Friday, Jul. 20, 1962

Proper, but Innocuous

Trading on the New York Stock Exchange had closed down for the day of July 9, and in San Francisco, three time zones behind, the Pacific Coast Exchange had responded as usual by sinking into afternoon doldrums. Many brokers had left the floor and were just settling down to leisurely lunches in the dining room of the Merchants' Exchange Club when page boys began moving quickly from table to table whispering an urgent message: "The Federal Reserve Board has just cut the margin from 70% to 50%."

Throwing their napkins into the Crab Louis, or whatever else was before them, the San Francisco brokers rushed back to the exchange floor to handle the buy orders they knew would follow the news. In the 2 1/2 hours of trading still left, A.T. & T. which had closed in New York at 108 1/2, climbed to 110 in San Francisco, and General Electric (New York close: 63 3/8) rose to 66.

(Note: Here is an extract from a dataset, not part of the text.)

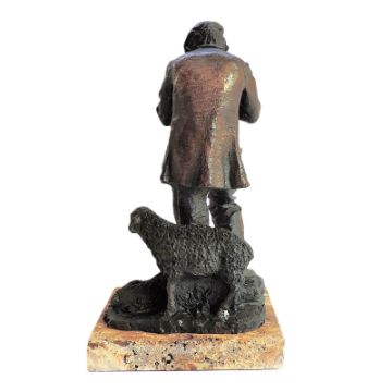 The statue is on a marble base.
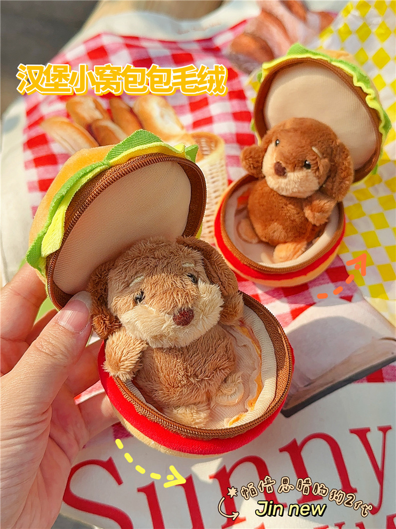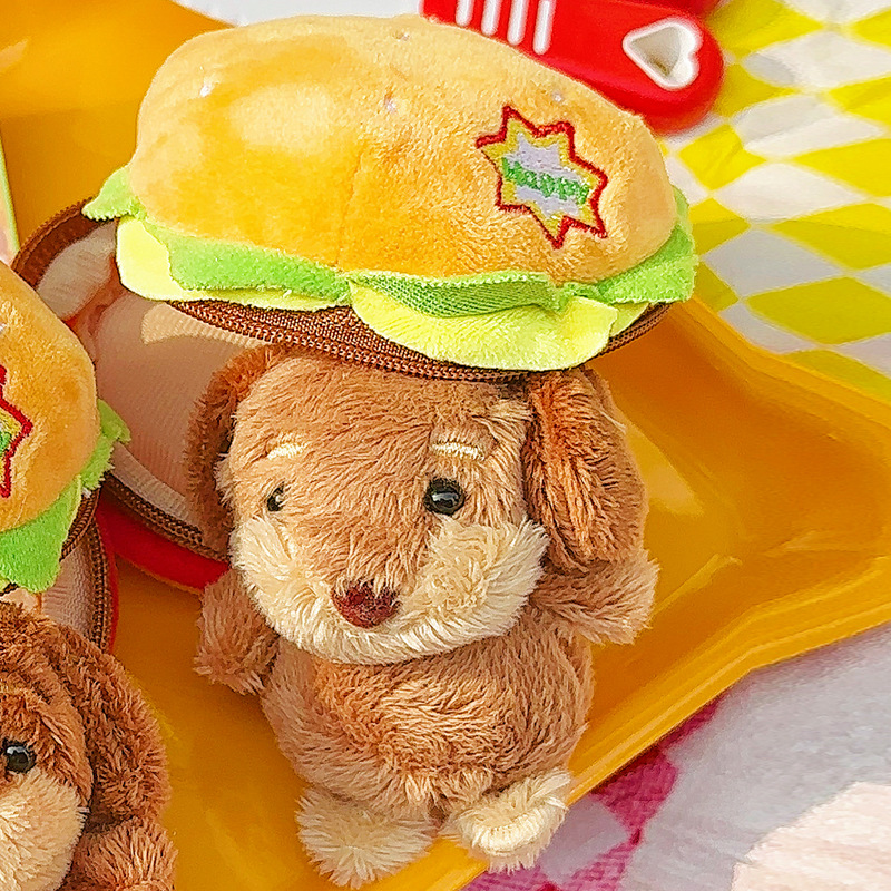정품 귀여운 파비 소시지 개 햄버거 봉제 펜던트 만화 소시지 강아지 키 체인 가방 펜던트 도매

Six out of Six. Next day the rally spread to New York: the Dow-Jones industrial average opened nearly 16 points above the previous day's close, and trading volume more than doubled to 7,120,000 shares. But by the end of the week, volume subsided to a modest 3,380,000 shares, and the Dow-Jones average settled back to 590.19, a gain of about 14 points for the week as a whole.

The week's gains were predictable. Six times since World War II the Federal Reserve Board has cut the margin requirement, and all six times there has been a sharp--but brief--upswing. Last week's rise was blunted, however, by professional traders, who seized the opportunity to sell off holdings they had been stuck with on Blue Monday. Such buying as the professionals did do was a highly selective search (see table) for strong profit potentials and intriguingly low price-earnings ratios.

Money & Desire. There were some who thought that in cutting the margins Federal Reserve Board Chairman William McChesney Martin had yielded to pressure from the Kennedy Administration and was trying to push stock prices back up. Actually, the Fed was only acting as it had in the past. The Fed was given the power to control margins in 1934 in order to prevent a repetition of 1929, when the crash was intensified by the vast number of speculators operating largely on credit. So when stock prices soar and speculators' borrowing increases, the Reserve Board raises margins as a damper. Traditionally, when credit to securities buyers falls about 10%, the Fed interprets it as a sign that speculative pressure has ended and cuts margins. Currently, credit to securities buyers stands at $5 billion--about 12% below the figure when the market started slipping from its alltime high last December; so, in the Fed's eyes, the time was ripe for a cut to what many brokers regard as the "normal" margin of 50%.

Presumably, both the Fed and the Administration are very aware that a margin cut does not by itself produce any sustained market advance. ''People don't lack the money to buy stocks; they lack the desire," says Heinz Biel of Wall Street's Emanuel, Deetjen & Co. Many Wall Streeters, in fact, believe that most of last week's rally was just a continuation of one that started a week earlier, and they look for it to peter out somewhere between 600 and 635 on the Dow-Jones average. The margin cut has done nothing to change their opinion. "It's a proper move, but innocuous," says Biel. "It doesn't do any harm; it doesn't do any good."